## Problem:
Starting at the line that contains "Sequence alignment of" in the listing below, write out every line word for word until you have written the line that contains "Esplorazione di Palmarola.".
──────── Supplied information ────────
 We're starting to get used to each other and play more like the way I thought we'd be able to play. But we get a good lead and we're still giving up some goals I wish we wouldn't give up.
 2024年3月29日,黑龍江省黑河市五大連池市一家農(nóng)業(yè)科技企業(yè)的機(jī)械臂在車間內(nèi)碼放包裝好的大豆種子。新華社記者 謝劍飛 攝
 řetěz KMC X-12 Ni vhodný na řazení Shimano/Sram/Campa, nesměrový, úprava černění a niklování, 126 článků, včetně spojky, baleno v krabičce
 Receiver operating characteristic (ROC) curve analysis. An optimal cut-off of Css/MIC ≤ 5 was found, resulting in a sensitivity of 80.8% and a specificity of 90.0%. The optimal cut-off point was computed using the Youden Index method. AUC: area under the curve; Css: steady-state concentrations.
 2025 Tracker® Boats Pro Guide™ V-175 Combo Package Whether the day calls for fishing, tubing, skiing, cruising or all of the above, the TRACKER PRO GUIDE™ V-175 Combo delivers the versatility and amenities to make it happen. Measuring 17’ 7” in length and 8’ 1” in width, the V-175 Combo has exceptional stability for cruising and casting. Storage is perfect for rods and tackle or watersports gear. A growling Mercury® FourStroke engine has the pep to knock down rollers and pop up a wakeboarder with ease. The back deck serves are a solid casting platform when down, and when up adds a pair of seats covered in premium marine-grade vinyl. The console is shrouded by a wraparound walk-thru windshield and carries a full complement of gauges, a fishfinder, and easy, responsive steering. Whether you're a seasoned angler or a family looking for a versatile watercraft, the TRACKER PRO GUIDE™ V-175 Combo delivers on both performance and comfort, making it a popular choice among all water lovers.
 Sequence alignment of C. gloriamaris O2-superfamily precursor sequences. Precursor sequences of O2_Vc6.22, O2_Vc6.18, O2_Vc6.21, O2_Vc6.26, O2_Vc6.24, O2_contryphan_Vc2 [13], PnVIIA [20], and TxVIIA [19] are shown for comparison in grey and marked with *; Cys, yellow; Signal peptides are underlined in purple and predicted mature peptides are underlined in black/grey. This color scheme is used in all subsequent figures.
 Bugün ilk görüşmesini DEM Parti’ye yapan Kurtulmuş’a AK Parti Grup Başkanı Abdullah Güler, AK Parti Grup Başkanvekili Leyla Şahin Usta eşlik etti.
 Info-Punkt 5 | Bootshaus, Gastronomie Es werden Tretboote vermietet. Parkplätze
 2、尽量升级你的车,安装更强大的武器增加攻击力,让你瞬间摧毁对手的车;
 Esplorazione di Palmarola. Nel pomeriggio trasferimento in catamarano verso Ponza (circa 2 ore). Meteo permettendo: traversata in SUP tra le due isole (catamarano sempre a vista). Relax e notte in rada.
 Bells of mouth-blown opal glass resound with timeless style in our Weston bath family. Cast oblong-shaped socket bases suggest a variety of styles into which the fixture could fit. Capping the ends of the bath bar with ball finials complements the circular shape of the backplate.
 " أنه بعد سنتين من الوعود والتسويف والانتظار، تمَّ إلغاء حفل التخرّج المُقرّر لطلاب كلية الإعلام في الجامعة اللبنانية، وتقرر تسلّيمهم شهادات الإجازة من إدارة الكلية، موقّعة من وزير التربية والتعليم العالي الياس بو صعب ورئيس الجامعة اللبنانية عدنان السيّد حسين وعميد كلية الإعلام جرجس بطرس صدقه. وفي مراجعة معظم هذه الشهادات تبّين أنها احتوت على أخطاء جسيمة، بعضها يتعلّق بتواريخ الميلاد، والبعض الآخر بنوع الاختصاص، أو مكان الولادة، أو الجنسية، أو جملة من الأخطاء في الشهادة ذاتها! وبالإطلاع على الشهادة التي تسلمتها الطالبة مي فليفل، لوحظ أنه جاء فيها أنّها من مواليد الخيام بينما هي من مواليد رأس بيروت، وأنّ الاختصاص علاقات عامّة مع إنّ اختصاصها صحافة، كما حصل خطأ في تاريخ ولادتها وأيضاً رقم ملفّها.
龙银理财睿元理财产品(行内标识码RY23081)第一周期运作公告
────────
──────── Supplied information ────────
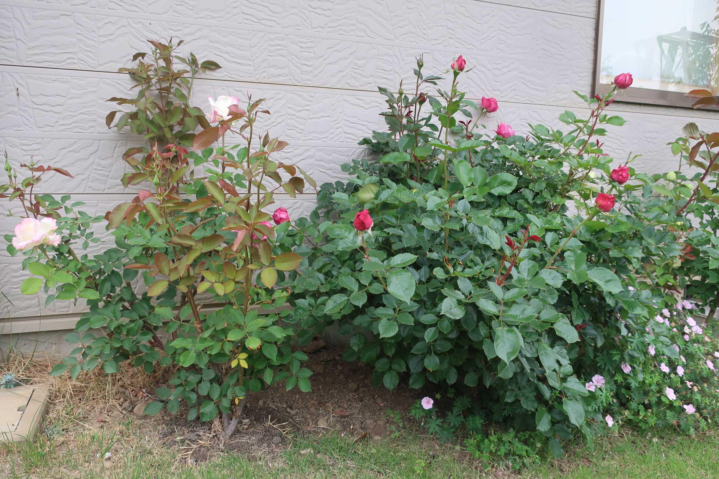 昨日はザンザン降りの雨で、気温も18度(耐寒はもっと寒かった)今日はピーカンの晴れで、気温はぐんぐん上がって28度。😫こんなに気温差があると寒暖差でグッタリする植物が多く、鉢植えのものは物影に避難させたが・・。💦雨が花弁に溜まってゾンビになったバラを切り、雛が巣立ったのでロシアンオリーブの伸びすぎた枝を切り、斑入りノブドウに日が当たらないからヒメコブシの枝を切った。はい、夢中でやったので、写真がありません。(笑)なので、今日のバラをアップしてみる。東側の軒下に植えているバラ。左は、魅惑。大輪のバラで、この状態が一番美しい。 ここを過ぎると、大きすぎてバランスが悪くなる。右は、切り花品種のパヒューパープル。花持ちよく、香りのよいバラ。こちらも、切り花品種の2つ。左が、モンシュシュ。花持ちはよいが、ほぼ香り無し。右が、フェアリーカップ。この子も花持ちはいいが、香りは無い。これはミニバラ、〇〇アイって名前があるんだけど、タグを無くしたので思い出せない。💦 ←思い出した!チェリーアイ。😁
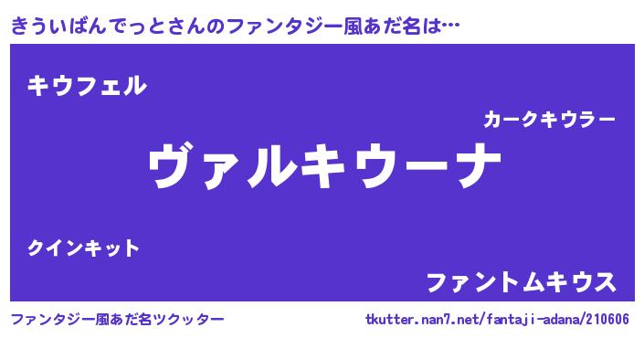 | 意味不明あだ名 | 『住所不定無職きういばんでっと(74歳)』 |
────────
## Output of the task:
 Sequence alignment of C. gloriamaris O2-superfamily precursor sequences. Precursor sequences of O2_Vc6.22, O2_Vc6.18, O2_Vc6.21, O2_Vc6.26, O2_Vc6.24, O2_contryphan_Vc2 [13], PnVIIA [20], and TxVIIA [19] are shown for comparison in grey and marked with *; Cys, yellow; Signal peptides are underlined in purple and predicted mature peptides are underlined in black/grey. This color scheme is used in all subsequent figures.
 Bugün ilk görüşmesini DEM Parti’ye yapan Kurtulmuş’a AK Parti Grup Başkanı Abdullah Güler, AK Parti Grup Başkanvekili Leyla Şahin Usta eşlik etti.
 Info-Punkt 5 | Bootshaus, Gastronomie Es werden Tretboote vermietet. Parkplätze
 2、尽量升级你的车,安装更强大的武器增加攻击力,让你瞬间摧毁对手的车;
 Esplorazione di Palmarola. Nel pomeriggio trasferimento in catamarano verso Ponza (circa 2 ore). Meteo permettendo: traversata in SUP tra le due isole (catamarano sempre a vista). Relax e notte in rada.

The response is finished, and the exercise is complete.